In deze zaak gaat het om de inschrijving van een hoger beroep na het verstrijken van de wettelijke hersteltermijn. De appellant, vertegenwoordigd door mr. J. Eliya, had op 6 juli 2015 een appeldagvaarding uitgebracht tegen de geïntimeerde, vertegenwoordigd door mr. Y. Schippers. De zaak was gepland voor een rolzitting op 14 juli 2015, maar werd niet ingeschreven omdat het hof geen stukken van de appellant had ontvangen. De appellant stelde dat hij de benodigde stukken per fax had verzonden, maar het hof beschikte niet over deze faxen.
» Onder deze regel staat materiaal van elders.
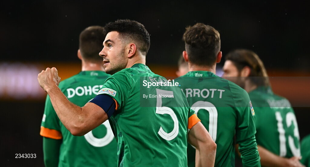 27 September 2022; John Egan of Republic of Ireland celebrates after scoring his side's first goal during the UEFA Nations League B Group 1 match between Republic of Ireland and Armenia at Aviva Stadium in Dublin. Photo by Eóin Noonan/Sportsfile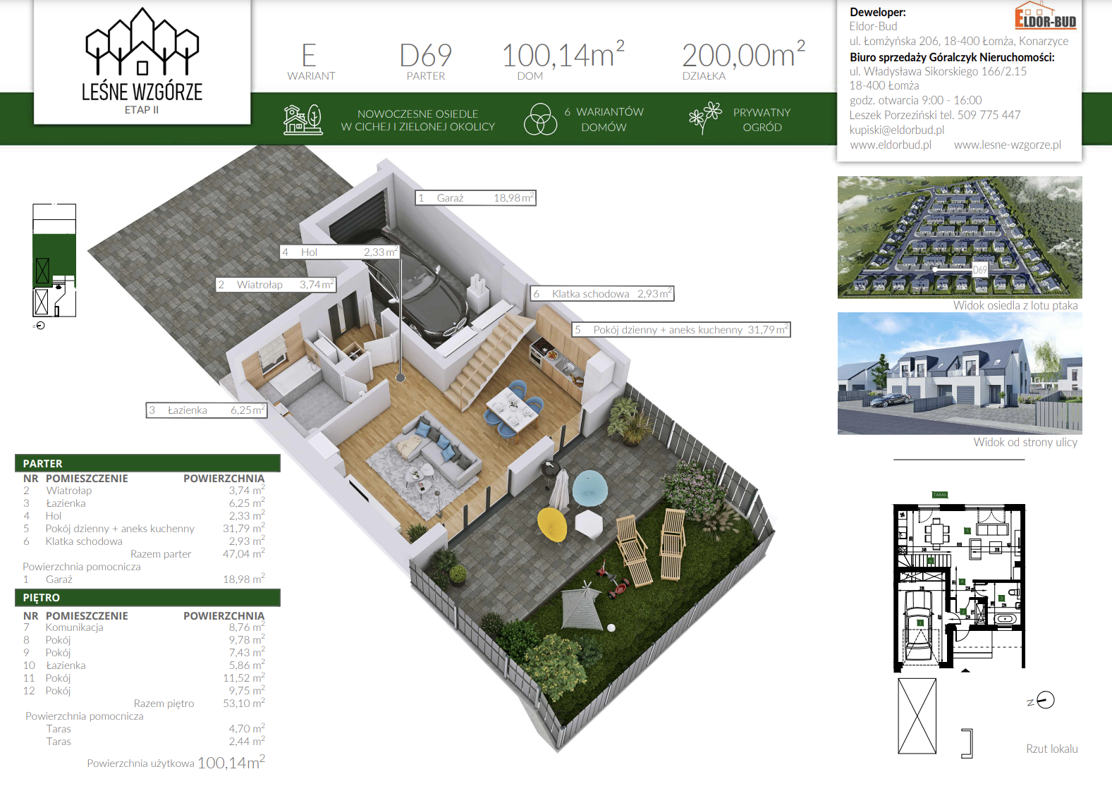 Osiedle LEŚNE WZGÓRZE zaprojektowano z myślą o wszystkich, którzy szukają kameralnej i spokojnej lokalizacji, jednak cenią sobie wygodę w codziennym życiu. Drogi wewnętrzne na osiedlu – ul. Sadowa i część ul. Świerkowej zostaną utwardzone kostką brukową oraz wyposażone w instalacje oświetlenia ulicznego.
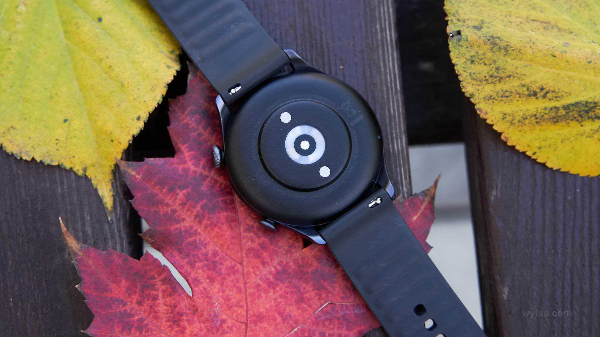 На задней панели мы видим круглый датчик для измерения сердечного ритма и четыре магнитные точки для зарядки умных часов.

De rolraadsheer oordeelde dat de faxverzendbewijzen niet ter griffie bewaard werden en dat er mogelijk sprake was van een apparaatsfout.
De rolraadsheer verwees naar een eerdere uitspraak van de Hoge Raad, waarin werd gesteld dat faxberichten die voor een bepaalde deadline zijn verzonden, als tijdig ingediend moeten worden beschouwd. De rolraadsheer concludeerde dat, hoewel de appellant niet aan de inschrijvingsvoorwaarden had voldaan, er niet kon worden uitgesloten dat de fax tijdig was verzonden. Dit leidde tot de beslissing om de zaak alsnog in te schrijven, ondanks het verzuim van de appellant.
De rolraadsheer bepaalde dat de appellant uiterlijk op 6 oktober 2015 een memorie van grieven moest indienen, met de waarschuwing dat het recht om van grieven te dienen zou vervallen als dit niet gebeurde. De beslissing werd openbaar uitgesproken op 1 september 2015.